Nurse 2: So you understand the liquid diet for the next two days. Oh yeah, you need to do a colon cleanse on Sunday. You’ll be so skinny by the time this is all over with.
I guess Societal ED is all around us!!
Oh… my… hell… that’s ridiculous and sad!
I have to tell you about two great blogs I’ve only recently started reading! One is called Dances With Fat, written by a woman who embraces Health At Every Size, and chooses to just eat healthy delicious foods and move her body in ways she enjoys rather than trying to diet and lose weight. She happens to be fat, and also a champion ballroom dancer! She’s funny and smart and articulate. I’ve really been enjoying what she has to say.
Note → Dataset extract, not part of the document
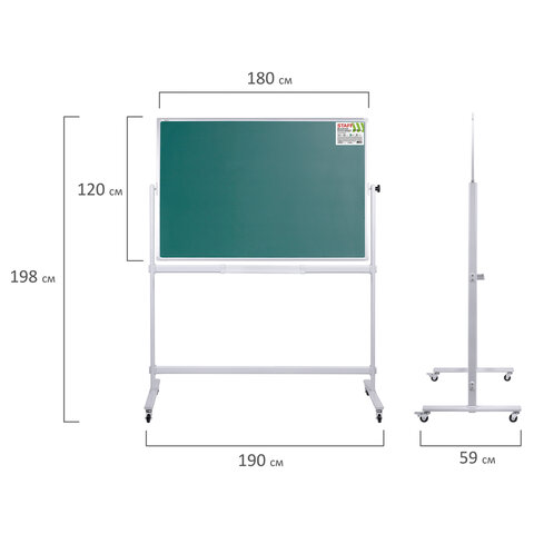 Доска для мела/магнитно-маркерная НА СТЕНДЕ 120х180 см, 2-сторонняя, зеленая/белая, STAFF, 238007
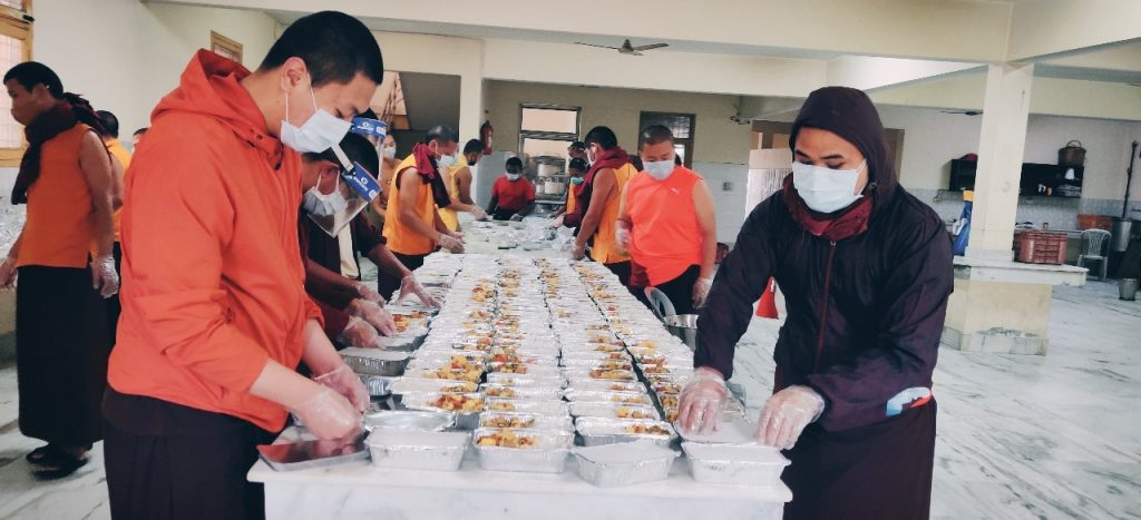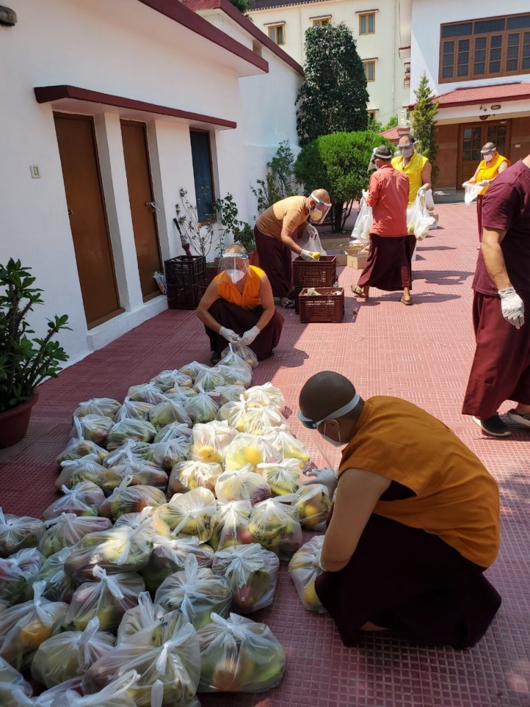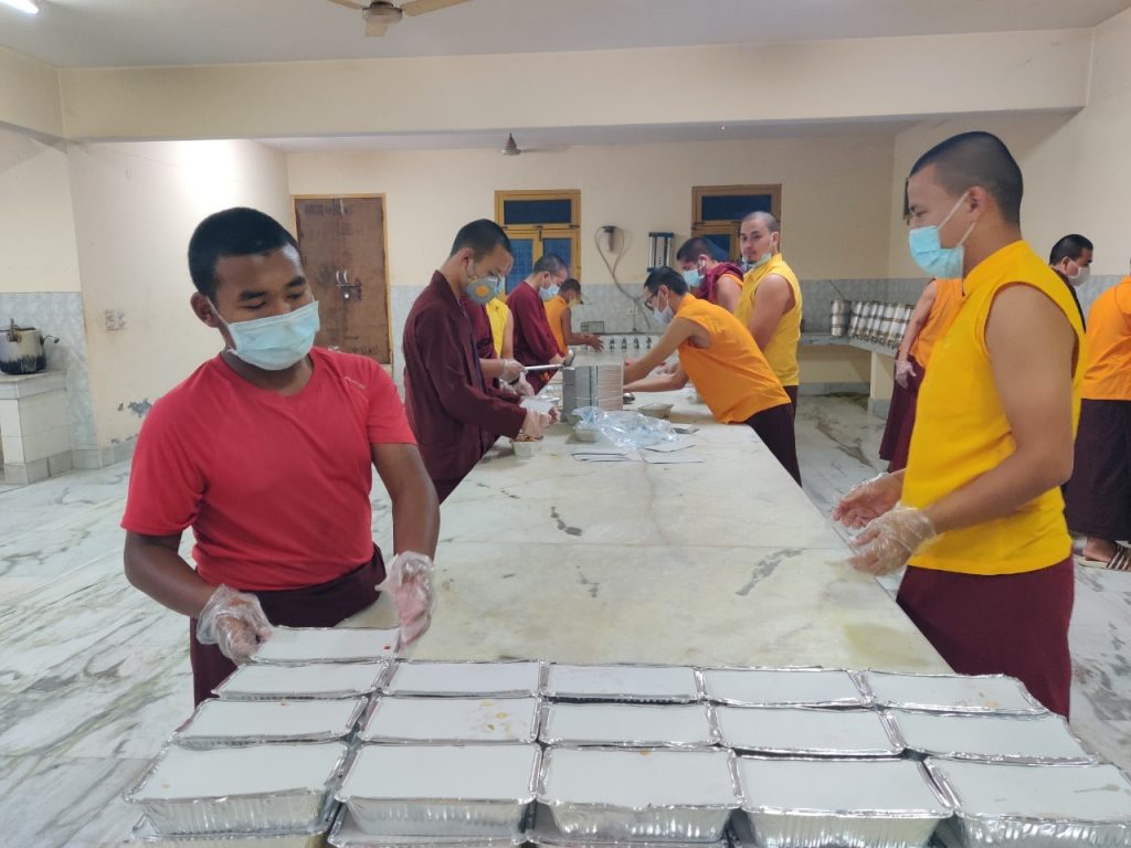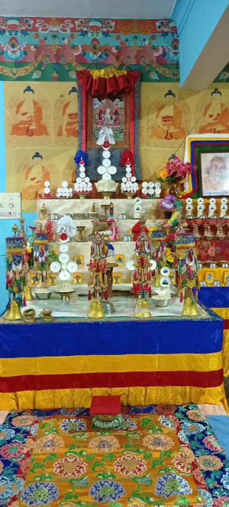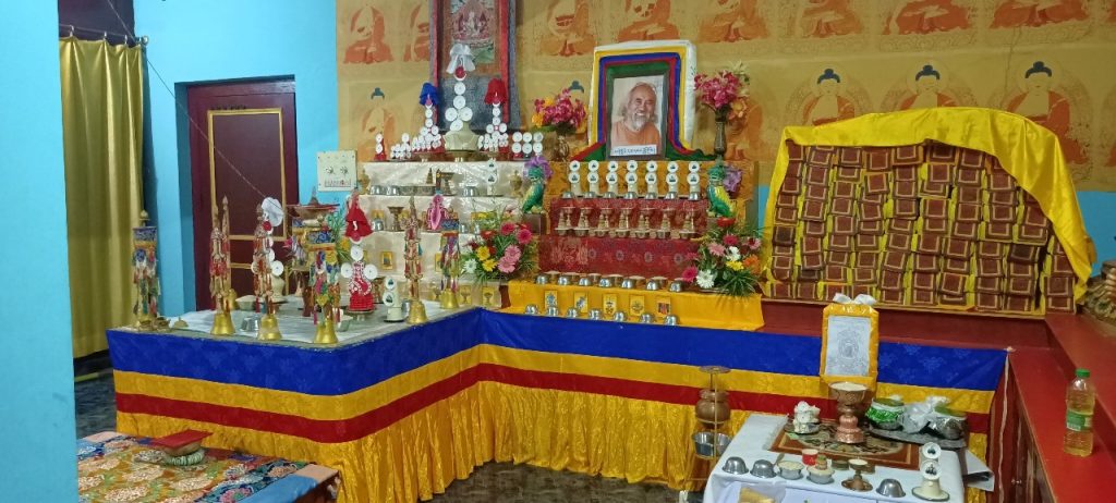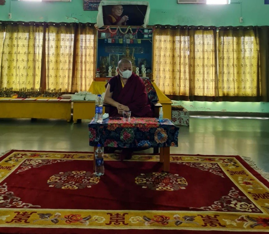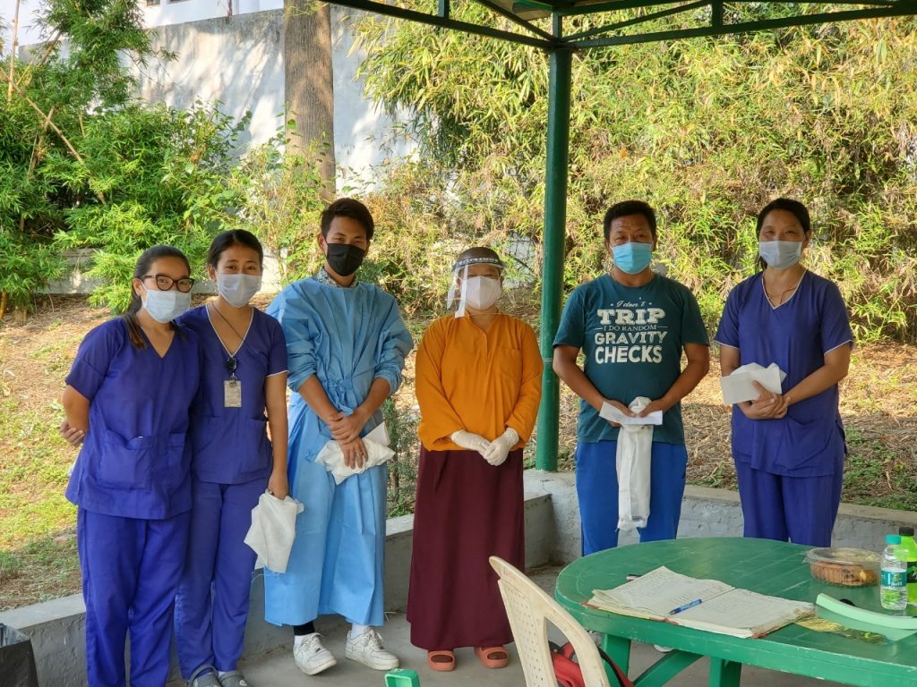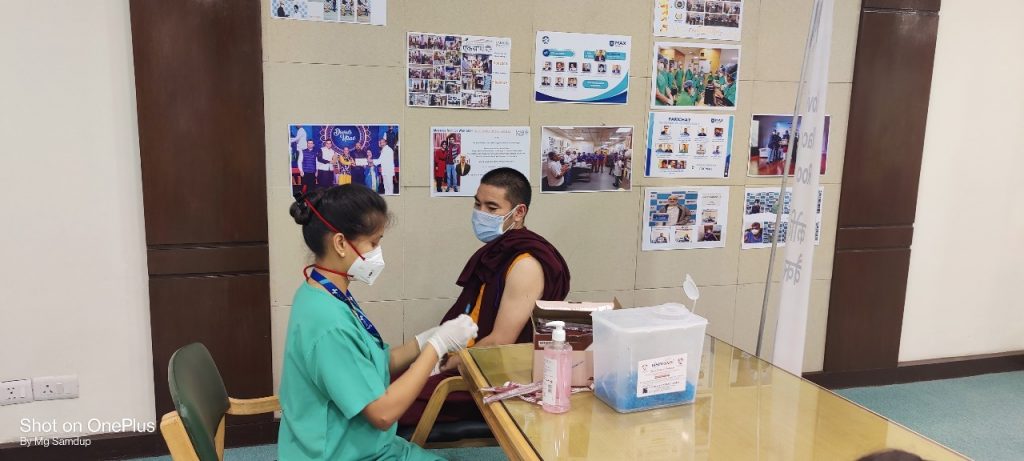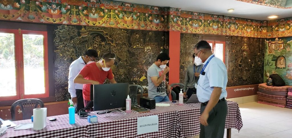 As India faced incredible challenges during the most recent wave of COVID-19, the administration team of Mindrolling Monastery worked tirelessly to protect the safety of the monks and the lay community. Facing such a crisis with shortages of so many needed supplies, the team did widespread testing, treated all those who tested positive and contained the spread of the virus using quarantines and contact tracing. After weeks of hard work, the spread of the virus within the Clement Town Tibetan Colony was contained and the safety of those in the colony has been successfully secured. Once the situation was controlled and the safety of the community had been secured, Mindrolling Monastery organized a huge vaccination effort to get the entire monastic community of Mindrolling and the Tibetan colony vaccinated. The clinic took place in the Guru Rinpoche shrine room of the stupa at Mindrolling Monastery.

The other blog happens to be written by a woman who was homeschooled growing up, which is how I found her in the first place, but this blog is focused on women, self-image, and food. It’s called Eat the Damn Cake. She ends every post with an un-roast, something she likes about herself or her body that day. (Your recounting of the Rachael Ray-Jennifer Aniston exchange about hated body parts made me think of the un-roasts.)
Thanks for the links! I can’t wait to check them out!
Jill, this is such a great post. Societal ED is all around us and it’s so upsetting how often people ignore it or accept it as part of daily life. The way you have outlined its different forms is so spot-on! It is truly disturbing how often people comment on how a stomach bug will make them lose weight, or how they shouldn’t have eaten X, Y, or Z, or how fat they are. It’s equally disturbing that the accepted way to relate to a celebrity is to hear her trash her body, because the assumption is that we all hate our bodies, too.
Thank you for bringing this concept to light! I hope that more people start to recognize how disordered our entire society is when it comes to food and our bodies.